**Task instructions:** For this exercise, reproduce only the lines from the one holding "내가 아까 옷 파려고" through the final line of the data below, exactly, and omit pictures.

==== Records supplied

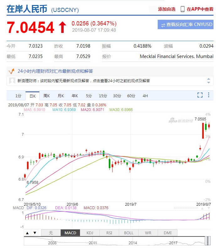2019年8月5日,人民币离岸和在岸汇率双双“破7”。这是2008年4月以来人民币兑美元的最低汇率。其中离岸人民币兑美元汇率在跌破7关口后,再度下跌至破7.1,最低报7.1068,下跌幅度近1000点。在岸人民币兑美元跟随下跌,汇率收盘价报7.0352。
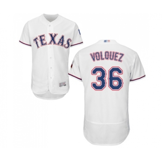 Men's Texas Rangers #36 Edinson Volquez White Home Flex Base Authentic Collection Baseball Jersey
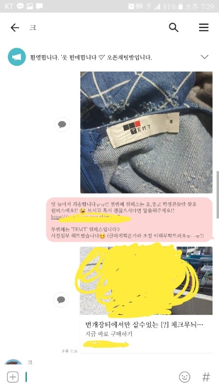 내가 아까 옷 파려고 번장에도 글 올리고 카톡 옾챗만들어놨었는데 이상한 사람 만났다 하
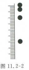 图 11.2 - 2 所示的是一个小球自由下落过程中的频闪照片(相机每隔 0.1s 曝光一次)。小球在下落的前一半路程中,重力做的功为$W_{1}$,功率为$P_{1}$;小球在后一半路程中,力做的功为$W_{2}$,功率为$P_{2}$。则$W_{1}$
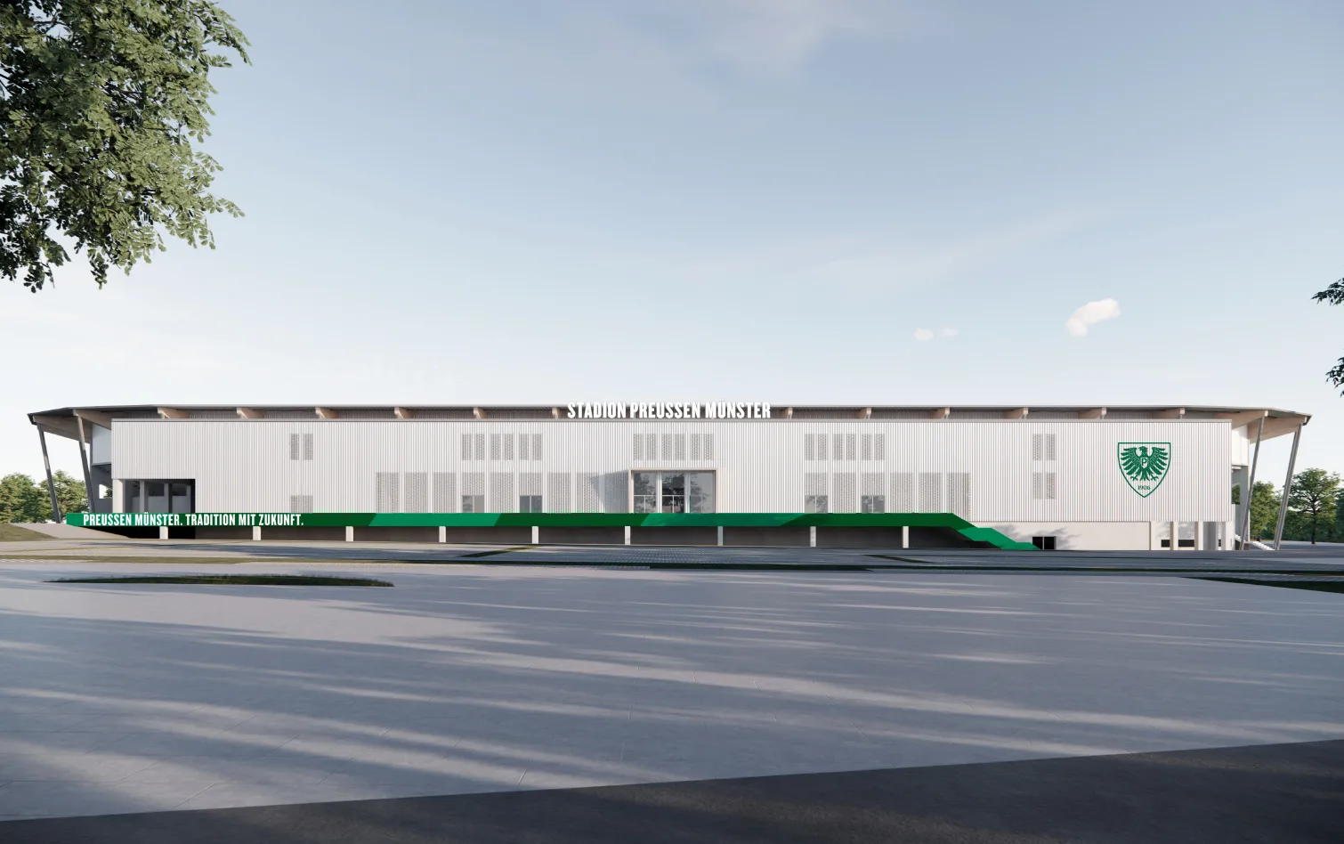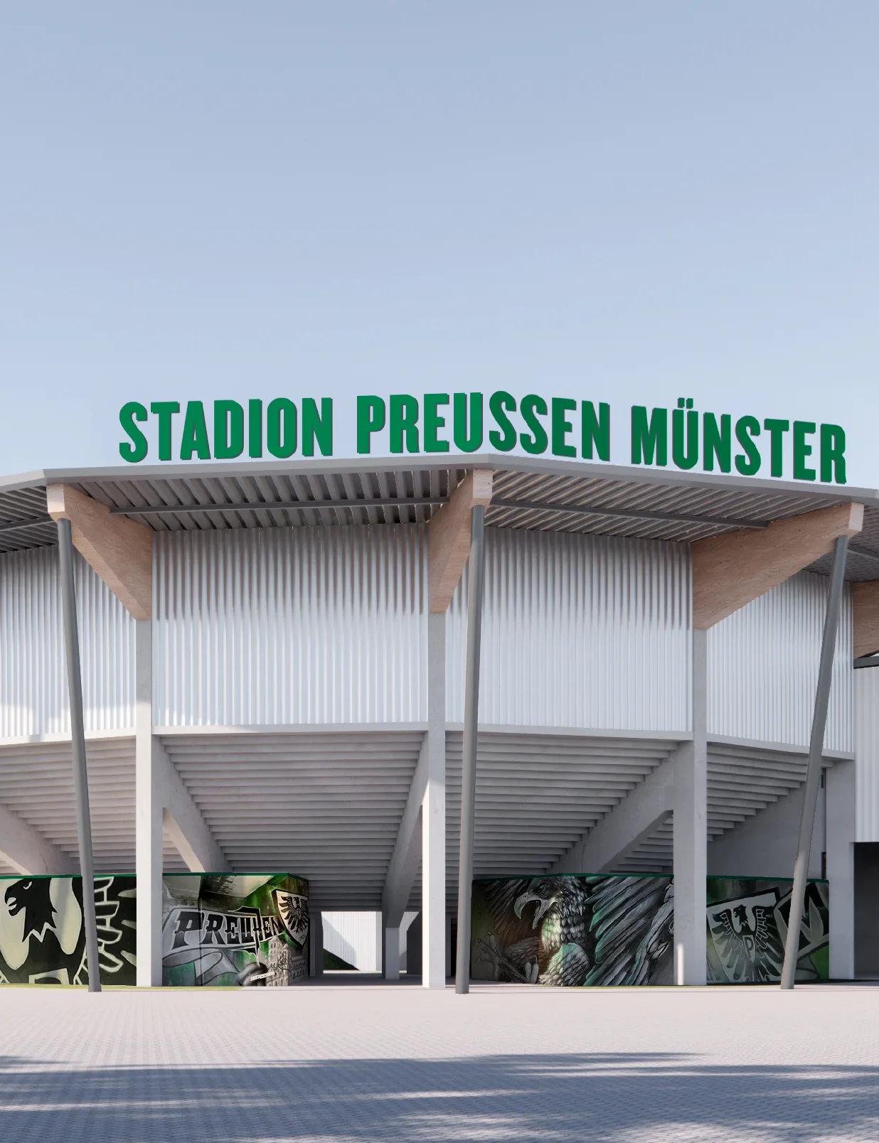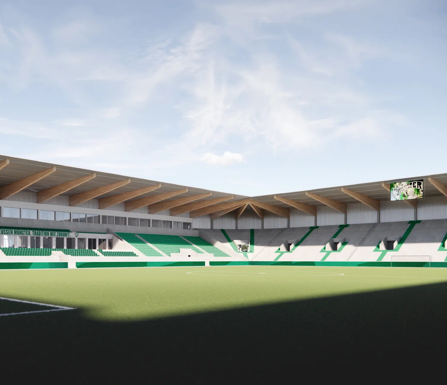 Das Stadion an der Hammer Straße in Münster wird modernisiert und zur zeitgemäßen Fußballarena weiterentwickelt. Im Rahmen eines Design-and-Build-Verfahrensist ein Konzept entstanden, das die bestehende Südtribüne integriert und mit drei ergänzenden Tribünen einen geschlossenen Arenacharakter schafft. Eine umlaufende Promenade verbindet alle Zuschauerbereiche. Die Nordtribüne bietet Raum für Business- und Hospitality-Bereiche, während die Osttribüne als reine Stehplatztribüne mit steiler Neigung ausgeführt ist. Im Südosten ergänzt eine sportorientierte Kindertagesstätte das Stadiongelände. Gestalterisch verbindet der Entwurf robuste Materialien wie Recyclingbeton mit Holzelementen und nimmt Bezug auf klassische Fußballarchitektur. Ein auskragendes Dachtragwerk aus Brettschichtholz, begrünte Dächer und ein Regenwasserkonzept mit Versickerungsmulden tragen zur ökologischen Qualität bei. Mit Platz für rund 19.000 Besucher:innen entsteht eine funktionale, zugängliche und stimmungsvolle Spielstätte für Verein, Fans und Stadt.

========

**Response box:**
 내가 아까 옷 파려고 번장에도 글 올리고 카톡 옾챗만들어놨었는데 이상한 사람 만났다 하
 图 11.2 - 2 所示的是一个小球自由下落过程中的频闪照片(相机每隔 0.1s 曝光一次)。小球在下落的前一半路程中,重力做的功为$W_{1}$,功率为$P_{1}$;小球在后一半路程中,力做的功为$W_{2}$,功率为$P_{2}$。则$W_{1}$
 Das Stadion an der Hammer Straße in Münster wird modernisiert und zur zeitgemäßen Fußballarena weiterentwickelt. Im Rahmen eines Design-and-Build-Verfahrensist ein Konzept entstanden, das die bestehende Südtribüne integriert und mit drei ergänzenden Tribünen einen geschlossenen Arenacharakter schafft. Eine umlaufende Promenade verbindet alle Zuschauerbereiche. Die Nordtribüne bietet Raum für Business- und Hospitality-Bereiche, während die Osttribüne als reine Stehplatztribüne mit steiler Neigung ausgeführt ist. Im Südosten ergänzt eine sportorientierte Kindertagesstätte das Stadiongelände. Gestalterisch verbindet der Entwurf robuste Materialien wie Recyclingbeton mit Holzelementen und nimmt Bezug auf klassische Fußballarchitektur. Ein auskragendes Dachtragwerk aus Brettschichtholz, begrünte Dächer und ein Regenwasserkonzept mit Versickerungsmulden tragen zur ökologischen Qualität bei. Mit Platz für rund 19.000 Besucher:innen entsteht eine funktionale, zugängliche und stimmungsvolle Spielstätte für Verein, Fans und Stadt.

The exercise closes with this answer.